Growth of Flagellospora penicillioides, Lunulospora curvula, and Phalangispora constricta was not influenced by herbicides and fungicides up to 5 mg/L (Chandrashekar and Kaveriappa 1989). Organochlorine insecticides did not influence the growth at <10 mg/L, while inhibition of sporulation was seen between 5 and 10 mg/L (Sridhar and Kaveriappa 1986). In laboratory experiments incubation of aquatic hyphomycetes colonized leaf litter with Bordeaux mixture and benzene hexachloride inhibited sporulation of many species at 5–10 mg/L (Campylospora chaetocladia, C. filicladia, Flabellospora verticillata, Flagellospora curvula, F. penicillioides, Lunulospora curvula, L. cymbiformis, Triscelophorus acuminatus, T. konajensis, and Wiesneriomyces laurinus) (Sridhar and Kaveriappa 1986). Similarly, herbicides (Paraquat and 2,4-dichlorophenoxy butyric acid) and fungicides (Dihane M-45 and Captafol) have no growth inhibition up to 5 mg/L (F. penicillioides and L. curvula) (Chandrashekar and Kaveriappa 1989). Some of the pesticides (Bavistin, Captafol, 2,4-DB Fernoxone, Malathion, Mancozeb, Paraquat, Thodan, and Tridemorph) did not inhibit sporulation ability of aquatic hyphomycetes up to 5 mg/L, while conidial germination was inhibited at the same concentration (Chandrashekar and Kaveriappa 1994). Thus, the reproductive phase and germination of conidia seem to be more sensitive to herbicides/pesticides compared to vegetative phase and help in the recovery of activities of aquatic hyphomycetes on dilution of pollutants. Function of some valuable species of aquatic hyphomycetes (as keystone and core-group species) in the lotic ecosystem may be severely affected by human interference and elimination of such species will lead to severe impoverishment (retarded decomposition and energy flow) of lotic habitats.

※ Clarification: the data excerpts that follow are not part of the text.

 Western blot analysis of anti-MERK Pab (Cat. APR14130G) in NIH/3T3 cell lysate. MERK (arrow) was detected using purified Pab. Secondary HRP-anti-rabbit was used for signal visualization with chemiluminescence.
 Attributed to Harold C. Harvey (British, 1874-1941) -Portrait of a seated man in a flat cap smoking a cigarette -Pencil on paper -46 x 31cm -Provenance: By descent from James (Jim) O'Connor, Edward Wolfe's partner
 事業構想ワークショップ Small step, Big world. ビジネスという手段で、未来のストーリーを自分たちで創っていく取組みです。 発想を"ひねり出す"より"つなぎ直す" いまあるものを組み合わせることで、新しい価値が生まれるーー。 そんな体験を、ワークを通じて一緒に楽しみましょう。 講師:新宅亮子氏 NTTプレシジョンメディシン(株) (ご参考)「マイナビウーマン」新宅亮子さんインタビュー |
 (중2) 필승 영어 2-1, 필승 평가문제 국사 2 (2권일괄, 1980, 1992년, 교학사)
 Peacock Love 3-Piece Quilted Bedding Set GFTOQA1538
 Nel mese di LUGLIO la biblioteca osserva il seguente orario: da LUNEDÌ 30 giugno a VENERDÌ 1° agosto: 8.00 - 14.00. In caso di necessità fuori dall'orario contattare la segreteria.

10 Future Perspectives and Conclusions

Considering aquatic hyphomycetes as an important mycota in lotic ecosystems, several challenges could be projected in view of environmental protection and safety. Beyond doubt the aquatic hyphomycetes serve as a model community to assess ecological services (food web and energy flow), perturbations or risk assessment (reduction in diversity and detritus breakdown), and restoration (rehabilitation and reinstatement) of lotic habitats. This could be achieved by monitoring structural (richness and diversity) and functional (palatability, enzyme/metabolites/growth factors) attributes of aquatic hyphomycetes. Assessment of leaf litter breakdown as a simple and cost-effective approach helps to evaluate structural (pattern) as well as functional (processes) phases of aquatic hyphomycetes in lotic ecosystem. Besides species richness and diversity approaches, systematics, anamorph-teleomorph connections, interaction with detritus shredders, energy flow, and stream productivity are other potential aspects of interest.

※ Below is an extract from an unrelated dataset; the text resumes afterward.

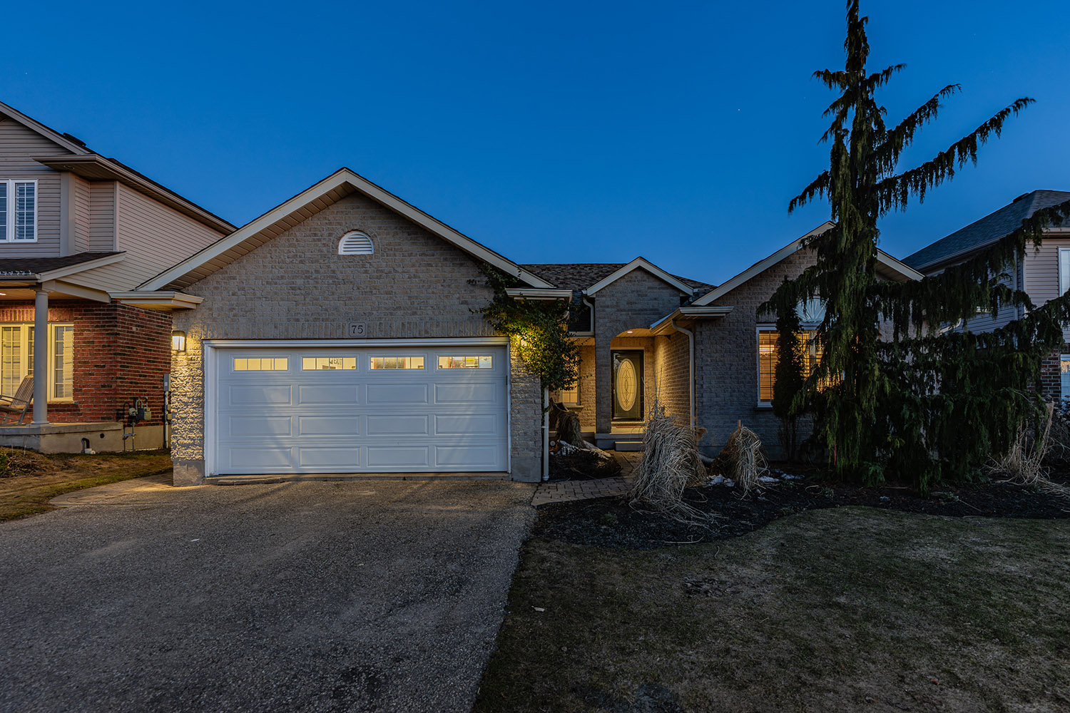 Exceptional executive bungalow offering 2,930+ SF of beautifully finished living space with 2+2 bedrms, 3 full bathrms, & a fully finished lower level with a private in-law suite-ideal for multi-generational living or extended family. This impressive home combines generous space, modern finishes, & a private setting in a quiet Baden neighbourhood. Located across from parkland with greenspace views, the home features a bright open-concept layout & spacious great rm with vaulted ceilings & laminate flooring. The updated kitchen offers quartz counters & backsplash, under-cabinet lighting, premium appliances, integrated dining area & bonus servery. Sliding doors lead to the back deck & private backyard. The primary suite features vaulted ceilings, dual closets including a walk-in closet, & a spa-like 5-pc ensuite with dual sinks, quartz counters & tub/shower combo. The main level also includes a second spacious bedrm, updated 4-pc main bathrm, & convenient laundry/mudrm with basement access & side entry to the garage. The finished lower level offers excellent additional living space with a private in-law suite featuring a kitchenette with appliances, stackable laundry area, 2 bedrms, full 4-pc bathrm, & lrg rec rm with tray ceiling-ideal for extended family or guests. Laminate & tile flooring, pot lights, designer light fixtures & custom window coverings are found throughout, along with many recent updates. Outdoor living is equally appealing with a private, fully fenced backyard surrounded by mature trees. The lrg deck is perfect for relaxing or entertaining & the yard includes a storage shed. Located on a quiet family-friendly street in the charming community of Baden, close to downtown shops, cafés & amenities. Just 10 minutes to Costco & The Boardwalk shopping district with restaurants, groceries & services. Rebel Creek Golf Club nearby with easy access to Waterloo, Kitchener & surrounding areas.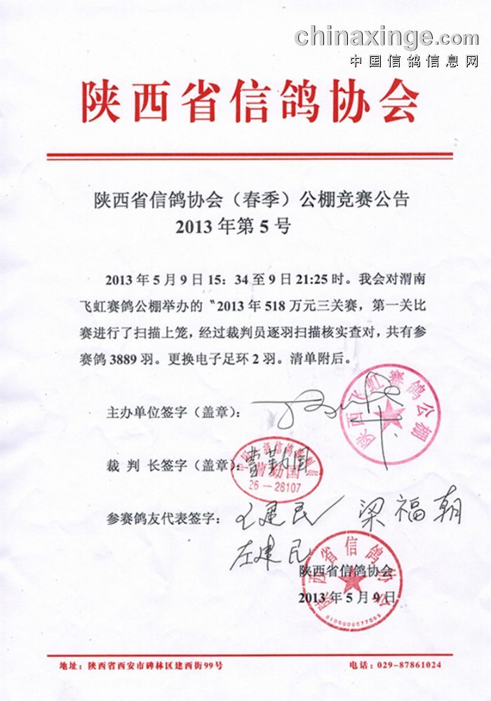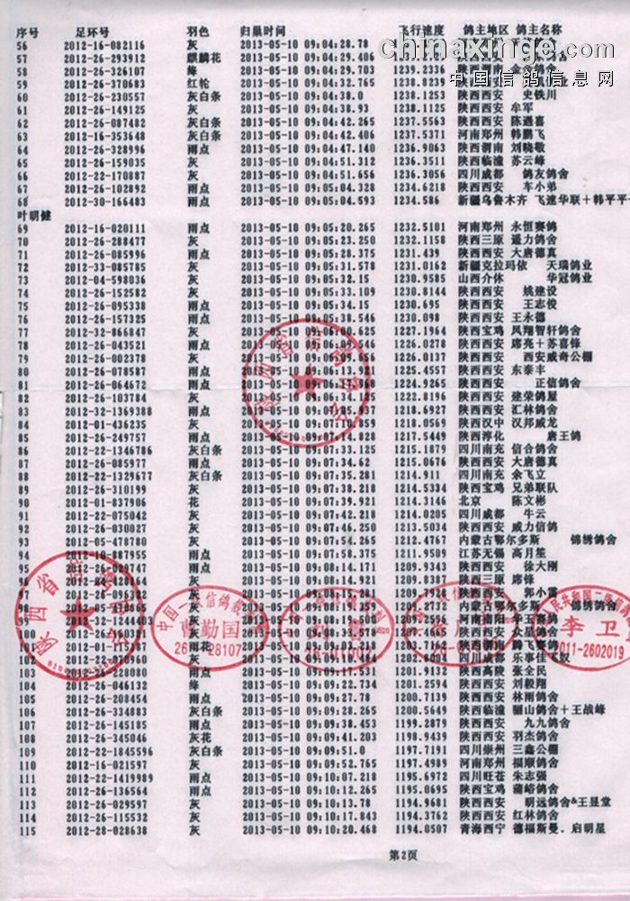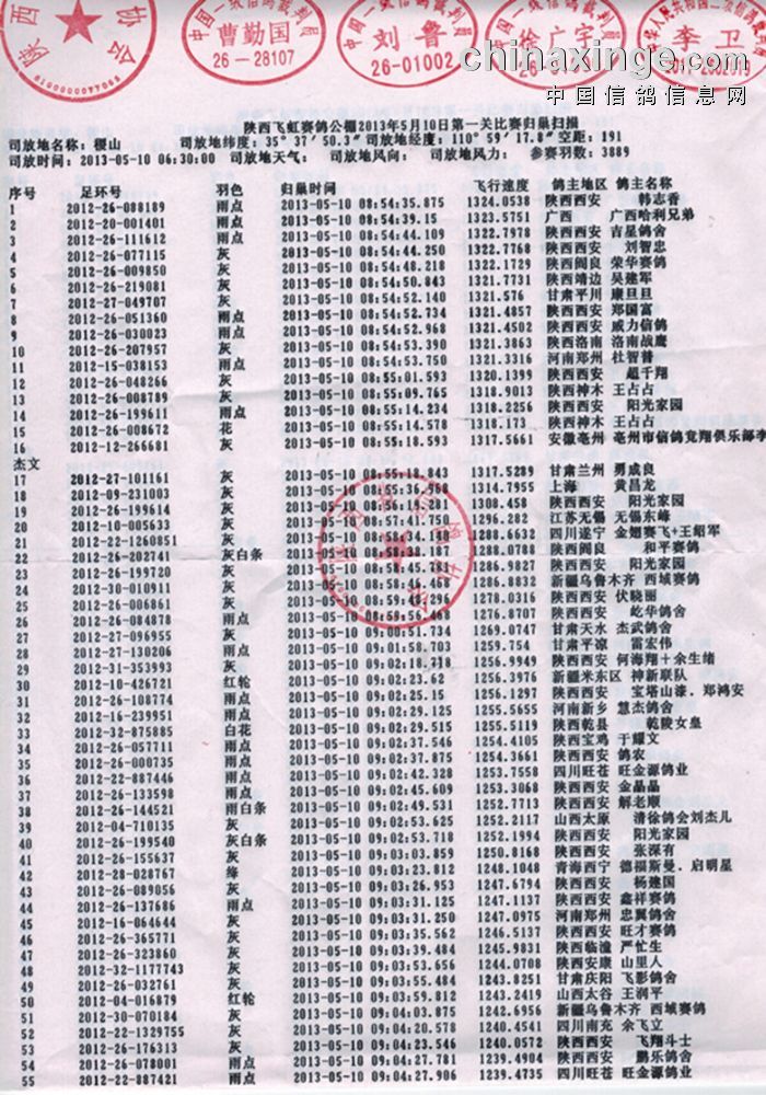 陕西飞虹赛鸽公棚2013年5月10日第一关100名归巢清单

Based on the investigations carried out in the Western Ghats, mid-altitude streams possess the highest diversity of aquatic hyphomycetes. For example, Sampaje stream (~500 m asl) consists of about 90% of aquatic hyphomycetes (up to 80 spp.) reported from the whole Western Ghats region. As compared to the global richness (335 spp.), nearly 25% of species occur in a single location of the Western Ghats. Designation of such important lotic habitats in the rest of the Western Ghats, Himalayas, and other important ecoregions in India helps to impose conservation measures.

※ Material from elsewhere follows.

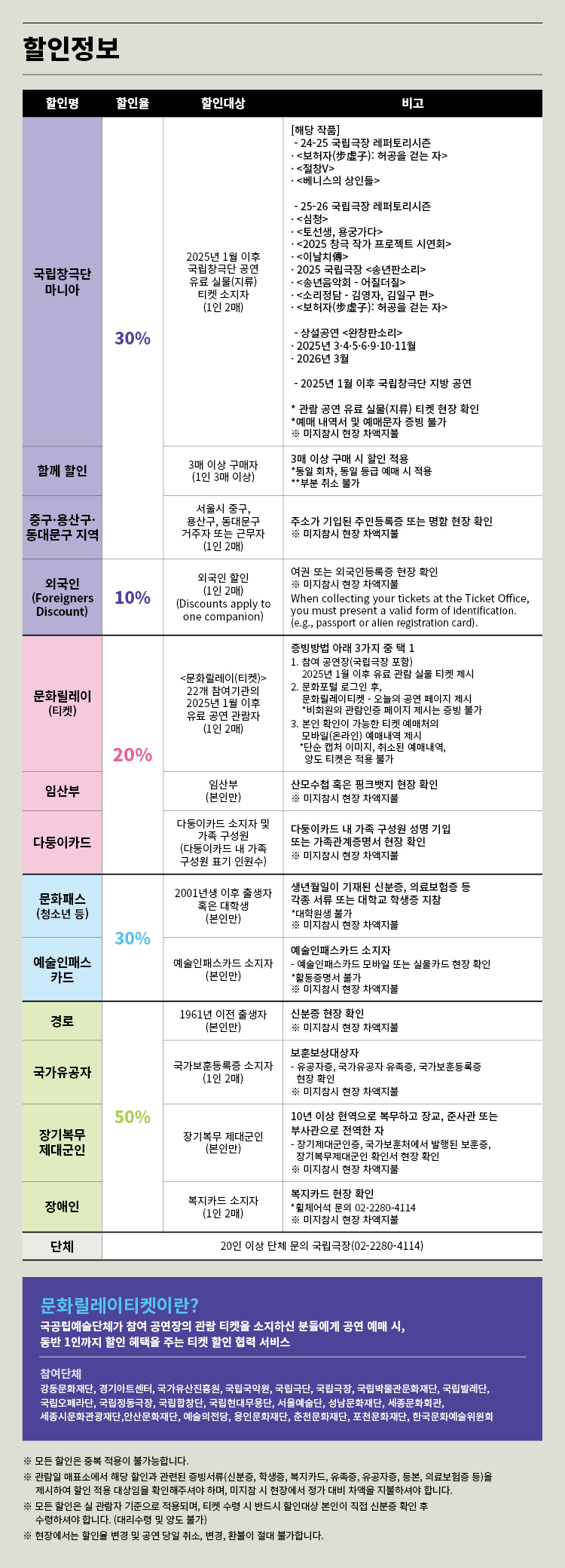 - 특정 기간, 특정 공연일에만 판매하는 가격이 있으니 예매 전 [가격 전체 보기]를 눌러 확인해 주세요.

It is possible to classify the research carried out on aquatic hyphomycetes in India into three phases: phase 1—morphology, diversity, and distribution; phase 2—ecological studies; and phase 3—applications. Studies on phases 1 and 2 have been fulfilled to some extent, while phase 3 has been initiated. In application front, production of enzymes, secondary metabolites, growth factors, antimicrobial potential, medicinal potential, importance in agriculture, and inland fisheries are some of the aspects worth exploring to attract the funding agencies. Gaps in our knowledge in different aspects like richness, diversity, ecology, phylogeny, culture collections, new methods, molecular approaches, and applied aspects could be accomplished by well-designed national networks.